Give back the whole listing word for word and skip each picture.
── DATA PROVIDED
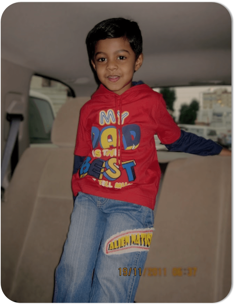 Later the KG section head called the parents for a personal interview. She asked us why the mother was not working and I answered saying that we firmly decided that once the child was born mother should be at home so that she can give her undivided attention to the child. Especially here in Kuwait, since you are away from home (India) living without your parents and relatives, it was important that the child grows with all the love and affection of the parents. When asked how would you react if the child is adamant, we mentioned that we would be strict and not tolerate misbehavior at the same time tell the child that we love him.
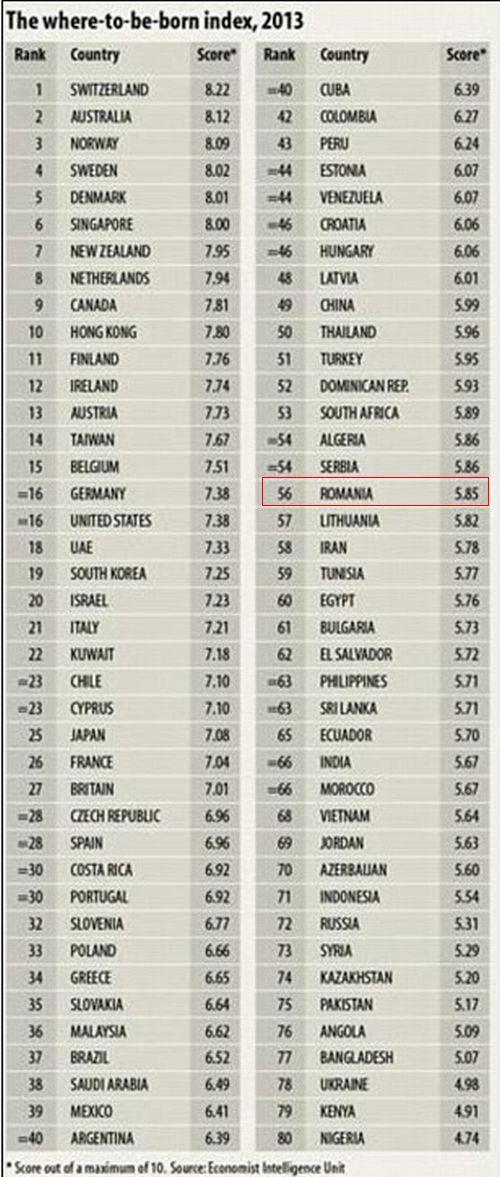 În clasamentul întocmit pe baza a 11 indicatori, România ocupă locul 56 după state precum Cuba sau Arabia Saudită.
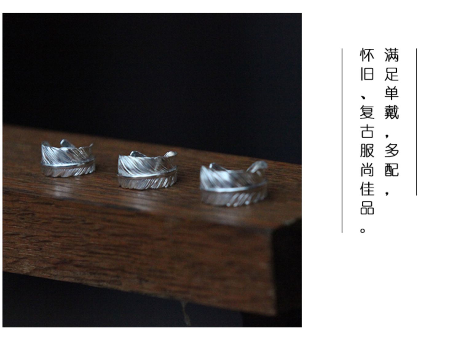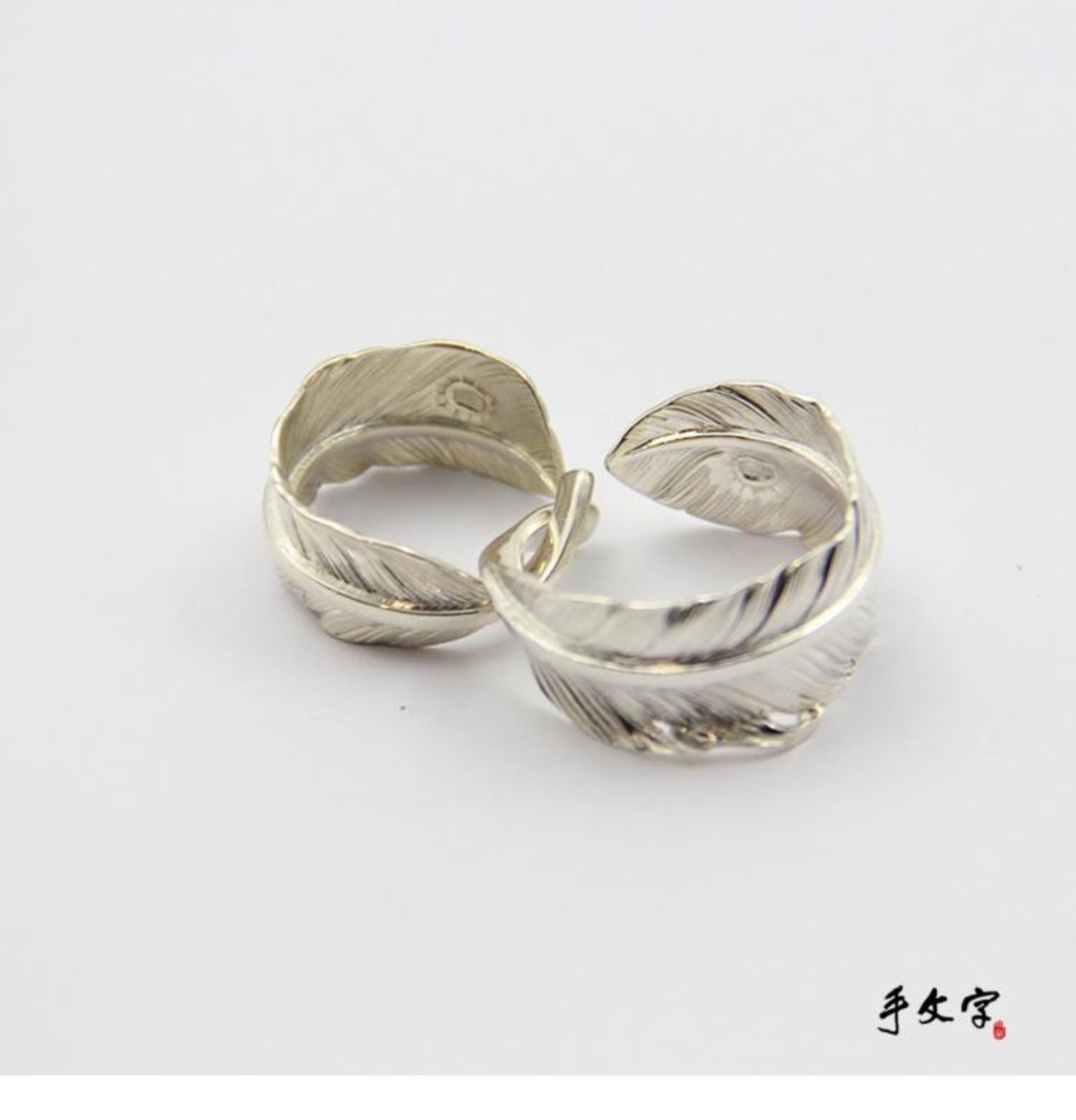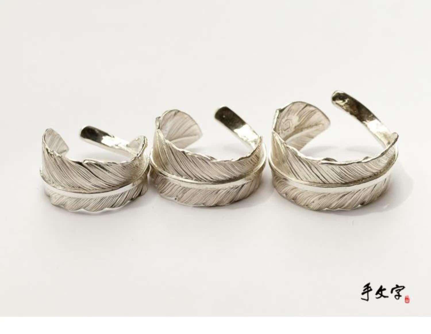 偶嶼原創純銀羽毛粗桿可刻字開口戒
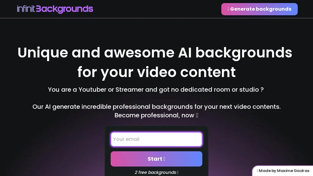 Infinit backgrounds is an AI tool that allows users to generate unique and professional backgrounds for video content. It is specifically targeted towards YouTubers and
────
TASK OUTPUT:
 Later the KG section head called the parents for a personal interview. She asked us why the mother was not working and I answered saying that we firmly decided that once the child was born mother should be at home so that she can give her undivided attention to the child. Especially here in Kuwait, since you are away from home (India) living without your parents and relatives, it was important that the child grows with all the love and affection of the parents. When asked how would you react if the child is adamant, we mentioned that we would be strict and not tolerate misbehavior at the same time tell the child that we love him.
 În clasamentul întocmit pe baza a 11 indicatori, România ocupă locul 56 după state precum Cuba sau Arabia Saudită.
 偶嶼原創純銀羽毛粗桿可刻字開口戒
 Infinit backgrounds is an AI tool that allows users to generate unique and professional backgrounds for video content. It is specifically targeted towards YouTubers and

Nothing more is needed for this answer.